At least it’s not chuffing Octopussy.


Andrew Noel: The final film in the Pierce Brosnan saga, Die Another Day is a comically camp, dated and uninteresting piece of garbage that is easily one of the worst Bond films. There isn’t just one thing wrong with this film, there’s a whole collection of missteps and mistakes committed by this production. From the relatively gritty aspects of Dr. No and From Russia With Love, Die Another Day proved what a bloated mass of crap the Bond franchise had become.

Let’s start with some of the outstanding problems. Firstly, what the hell was that theme song? Madonna shits over the tradition of great Bond songs with this Eurotrash. Utilising the line, “Sigmund Freud, analyse this,” makes the writing even dodgier than her cameo in the film. The gadgets are the next ridiculous aspect of this production. Well, when I say the gadgets, I mean that INVISIBLE CAR. I mean come on guys, when did Bond go from spy thriller in sci-fi?

This is just one example of how Die Another Day completes the transition of the Bond films into self-parody. It’s incredibly easy to pick out some terrible lines from this film that are clearly meant to be witty or suave. Here are some examples!

“Saved by the bell.” – after escaping death by holding on to a ceremonial bell.

“I’m Mr Kil.” “Well isn’t that a name to die for?”

“How’s that for a punchline?” – after punching Bond for making a quip.

“Time to face gravity!” – before dropping a baddie to his death.

“Ornithology, now that’s a mouthful.” – OH COME ON.

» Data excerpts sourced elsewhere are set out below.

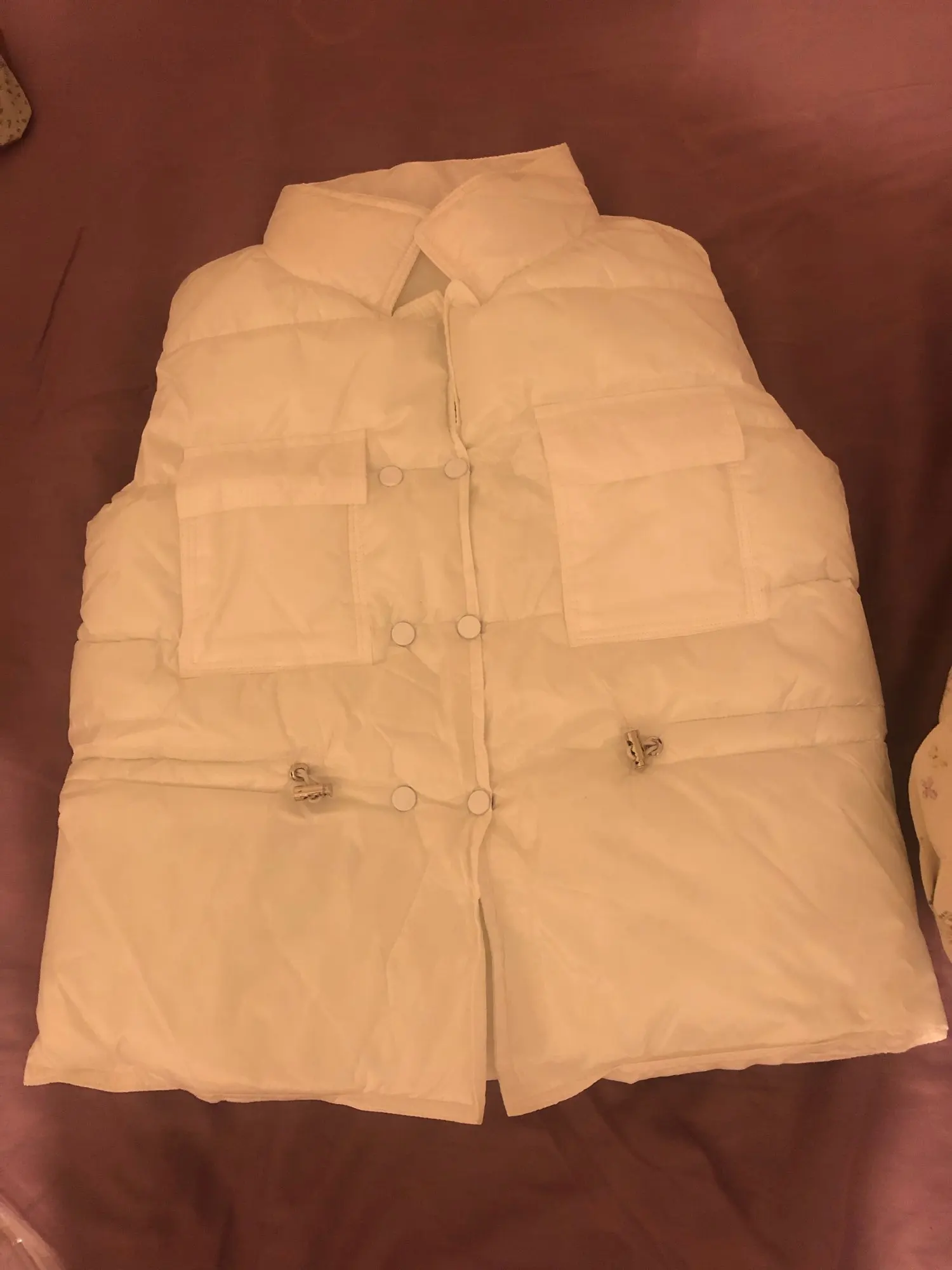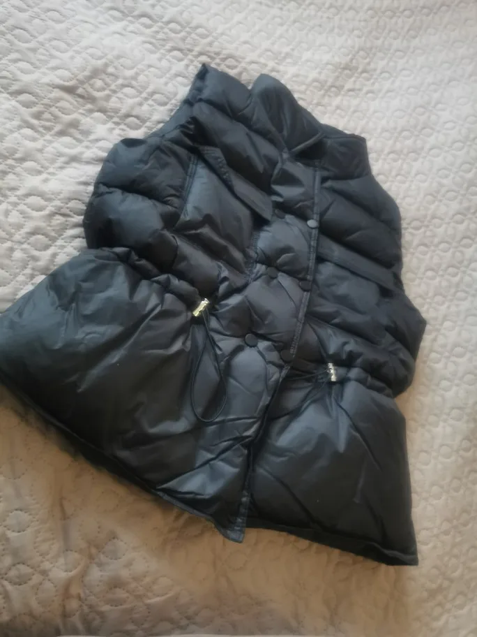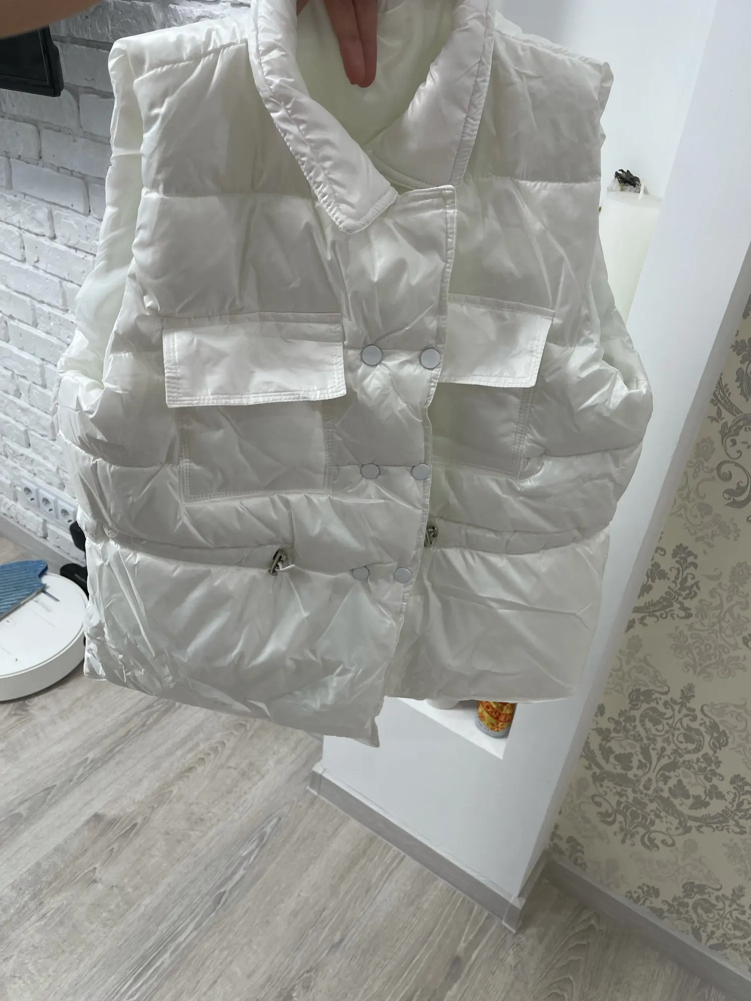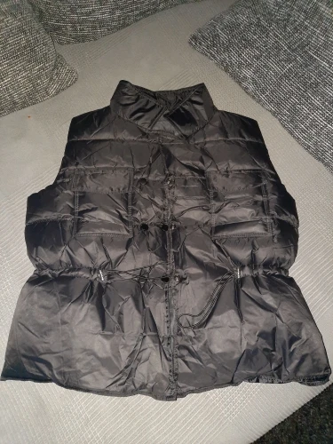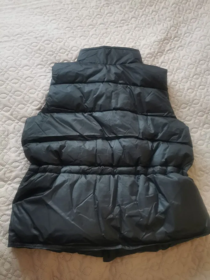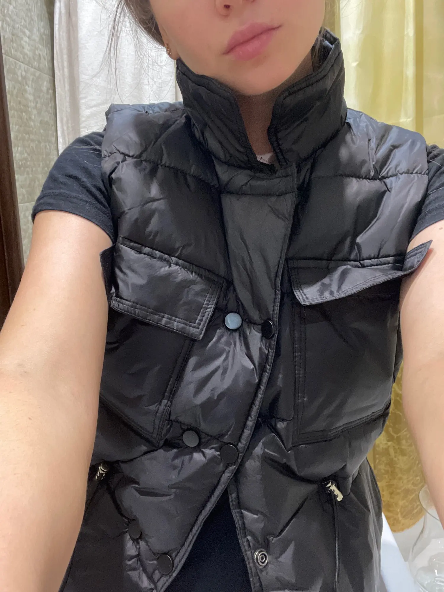 Неплохая жилетка, но очень короткая. На мой рост 170см выглядит как будто «подстреленная». И есть ощущение, что клепки не очень хорошего качества. Подойдёт миниатюрным девушкам. На мой размер 46-48 расходится внизу. Доставка до Москвы 2 недели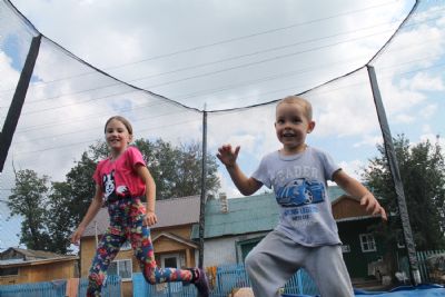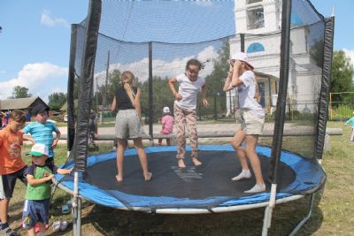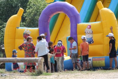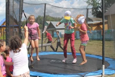 В один из дней для детей были организованы аттракционы: надувная горка и батут –каждый имел возможность напрыгаться и накататься на год вперед.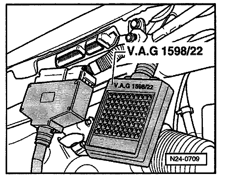 - Connect VAG1598/22 test box to control module wiring harness connector.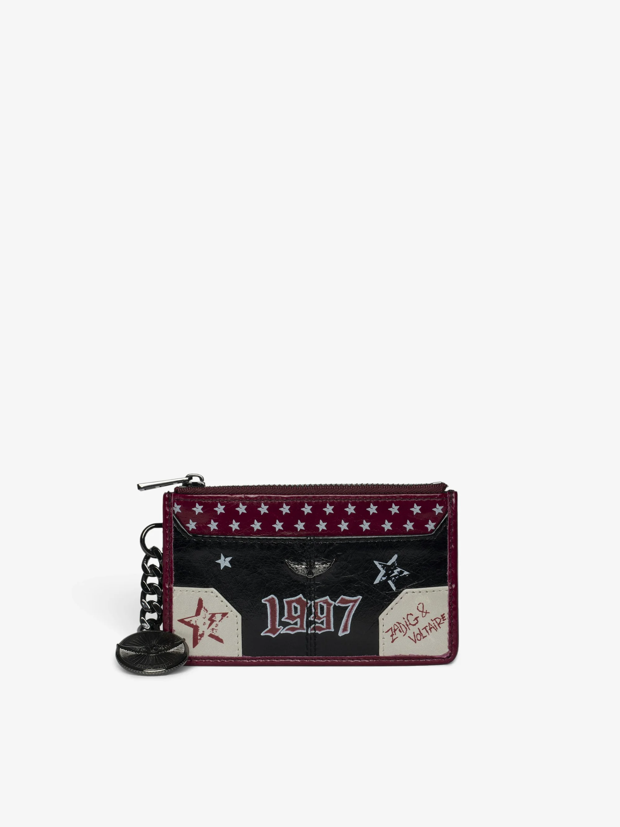 Patent leather card holder with vintage-inspired effect, medallion and wing signatures. Description & details - Card holder in vintage-effect patent leather - Punk animation - Interior zipped pocket - 6 card slots, including 1 at the front and 5 at the back - Medallion charm - Wing signature 13 x 7.5 cm Composition 100% Cow leather Care - Protect your leather item from humidity and any source of heat (radiator, sun) - Avoid your item coming into contact with water - Regularly care for your leather item using a colourless nourishing cream for leather, suitable for leather goods - Ensure you wear your item with similar colours - Avoid overfilling your bag to ensure its durability - In case of stains, contact a leather professional Product code: LWSG03676_BLACK

There must have been a point where the writers of this film were sat around a table trying to come up with anything that sounds vaguely amusing. But it doesn’t stop there. Die Another Day takes the eccentricity of Bond deaths and brings it to new levels. There’s a bit where Bond is literally dangling on the edge of an icy precipice, and the enemy have a gigantic beam of high-powered sunlight bearing down on him. And what do they do? They decide to cut off the ice and assume Bond falls to his death instead of just burning him alive.

Even the Bond girl scenes are getting awful. Putting aside the most cringe worthy sex scene of all time involving Halle Berry and some melon, Rosamund Pike’s Miranda Frost is there to set feminism back another 10 years. How? Well, after insisting she will not succumb to Bond’s *ahem* ‘charms’, she promptly passionately kisses him before having sex with him. The exchange goes something like this:

Bond: “We’d better sleep together to keep up the illusion of us being lovers.”

Frost: “Okay.”

*Sex occurs*

So much for the strong female character.

I could quite easily go on about this film. I haven’t even begun to address the poor quality of the special effects, the lame and predictable storyline or the detestable Bond played by Pierce Brosnan. But alas, the word count restrains me, so I’ll leave you with this.

Stay the hell away from Die Another Day.